In Middle Persian astronomical tradition, Gōzihr came to designate an imaginary celestial dragon extending between the two lunar nodes. The ascending node, where the Moon crosses the ecliptic from south to north, constituted the "Head of Gōzihr" (gōzihr sar), while the descending node formed its "Tail" (gōzihr dumb). Because solar and lunar eclipses can occur only when the Sun and Moon are near the lunar nodes, Gōzihr also became closely associated with eclipses. A Manichaean Middle Persian text uses the expression "to don Gōzihr" for the eclipsing of the Sun and Moon.

The concept also acquired a mythological dimension in Zoroastrian cosmology. The celestial dragon Gōzihr was associated with hostile cosmic forces, while the Milky Way was described in Middle Persian tradition as the "brilliance of Gōzihr" (brēh ī gōzihr). The identification of the lunar nodes with the head and tail of a celestial dragon was, however, part of a broader ancient Near Eastern and Asian astronomical tradition. MacKenzie traces the conception of the celestial Dragon to Chaldean astronomy, while the developed astrological treatment of the lunar nodes in Sasanian Iran also shows parallels with Indian astrology.

The astrological importance of Gōzihr is particularly evident in the world horoscope (Middle Persian: zāyč ī gēhān) preserved in the Bundahishn. In this horoscope, which describes the configuration of the heavens at the beginning of material creation, the Head and Tail of Gōzihr are assigned specific positions in the zodiac alongside the seven traditional planets. The Tail of Gōzihr is placed in Sagittarius, while the Head is placed in Gemini. Their inclusion in the horoscope demonstrates that the lunar nodes were treated as significant astrological factors in the Middle Persian astral tradition.
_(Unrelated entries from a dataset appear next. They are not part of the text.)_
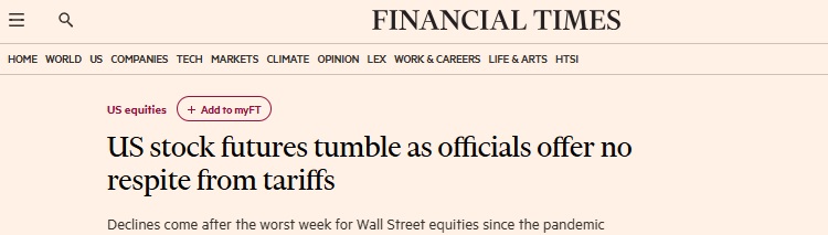 FX168财经报社(亚太)讯 周一(4月7日)亚市早盘,特朗普政府表示,尽管担心可能引发全球经济衰退,但将继续实施全面关税,美国股指期货大幅下跌。
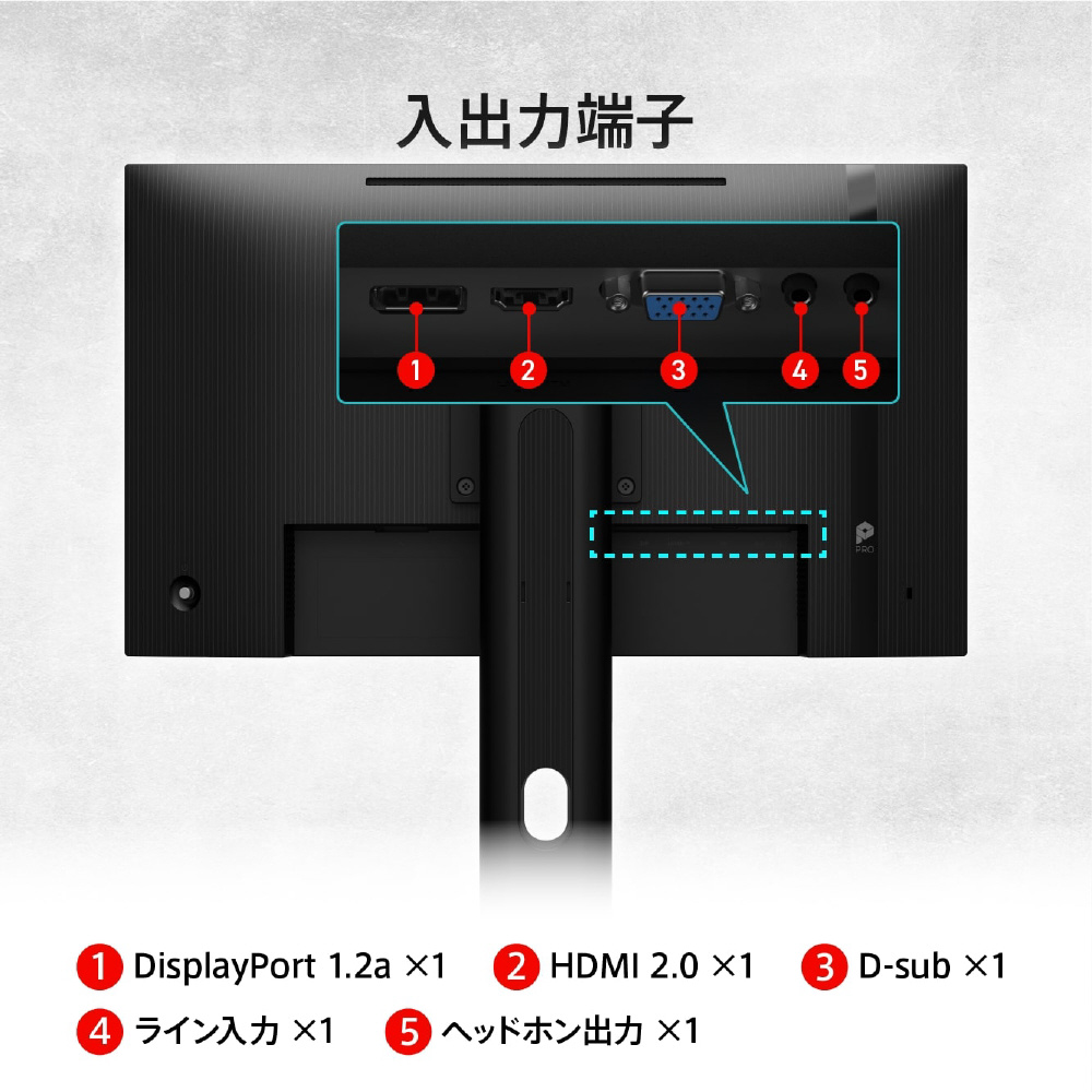 | インターフェイス | HDMI 2.0 x1 DisplayPort 1.2a x1 D-sub x1 |
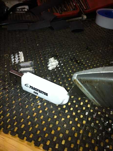 Aclaró este recinto de la impulsión del flash del USB por empujar el conector USB en un bloque de arcilla y un poco de PVC tubo sobre ella y luego Vierta el tubo de llenado con resina transparente.
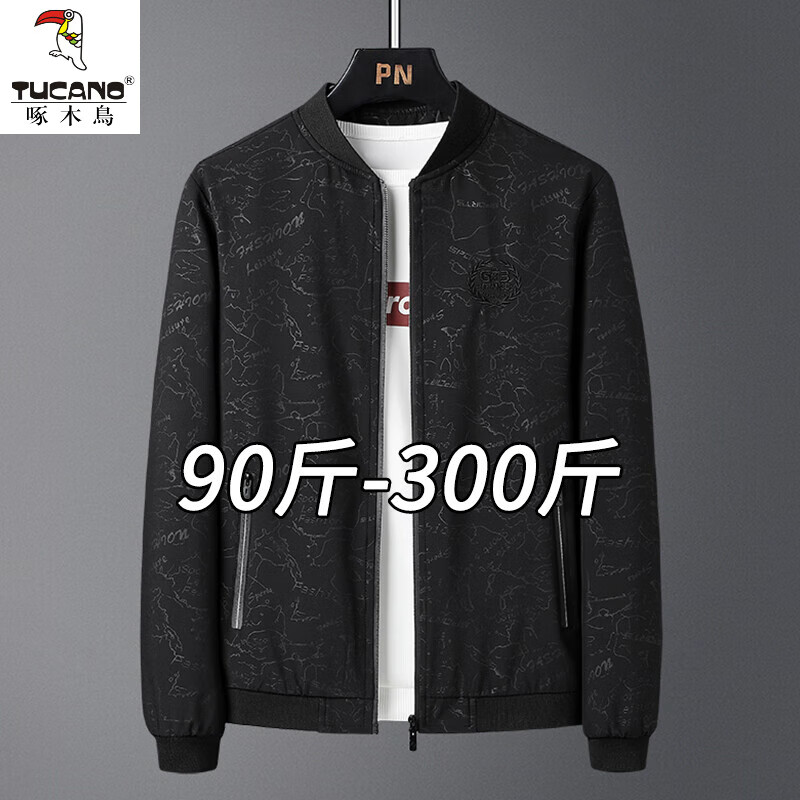 百亿补贴:啄木鸟(TUCANO)男士外套春秋季2025新款潮胖子加肥加大码男装宽松休闲肥佬夹克 FJA407-2068黑色 8XL 【推荐245-270斤】
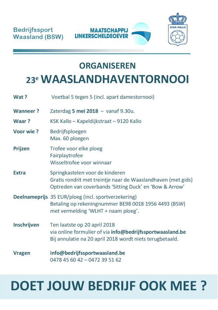 Op zaterdag 5 mei 2018 organiseert BSW, samen met Maatschappij Linkerscheldeoever en KSK Kallo het 23e Waaslandhaventornooi.
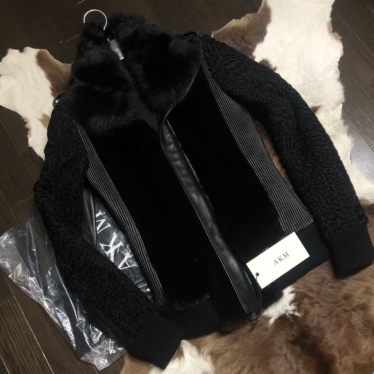 - 限定 AKM(エーケイエム)ミンク ×超希少毛皮 アストラカン ベビーラム フォックスファー ライダースジャケット 漆黒(サイズS)定価110万
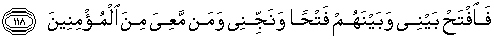 118. maka itu adakanlah suatu keputusan antaraku dan antara mereka, dan selamatkanlah aku dan orang-orang yang mukmin besertaku."
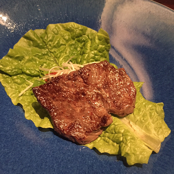「王道」とはいわゆる「韓国焼肉に立ち返る」という意味なんです。ブルーの鮮やかなお皿にサンチュ、韓国の味付けの辛味(すみません、名前を失念)ランプを焼いていただき熱々をくるくるっと巻いていただきます。たしかに王道のおいしさ笑。

The world horoscope of the Bundahishn reflects the syncretic character of Sasanian astral science, in which Iranian traditions interacted with Hellenistic, Mesopotamian and Indian astronomy and astrology. The treatment of the lunar nodes is particularly comparable to the Indian astrological concepts of Rahu and Ketu, the ascending and descending lunar nodes respectively.

After the Muslim conquest of Persia, the Middle Persian astronomical term passed into the scientific vocabulary of the Islamic world as Arabic jawzihr, with variants such as jawzahar and jawizahr. Muslim astronomers and astrologers used it primarily for the lunar nodes, although it could also designate the nodes of other planets. The ascending node was called raʾs al-jawzihr ("head of the jawzihr") and the descending node dhanab al-jawzihr ("tail of the jawzihr"); the lunar nodes were also known as the Head and Tail of the Dragon. Gōzihr thus represents an example of Iranian astronomical and astrological terminology transmitted from the Middle Persian tradition into medieval Islamic astronomy and astrology.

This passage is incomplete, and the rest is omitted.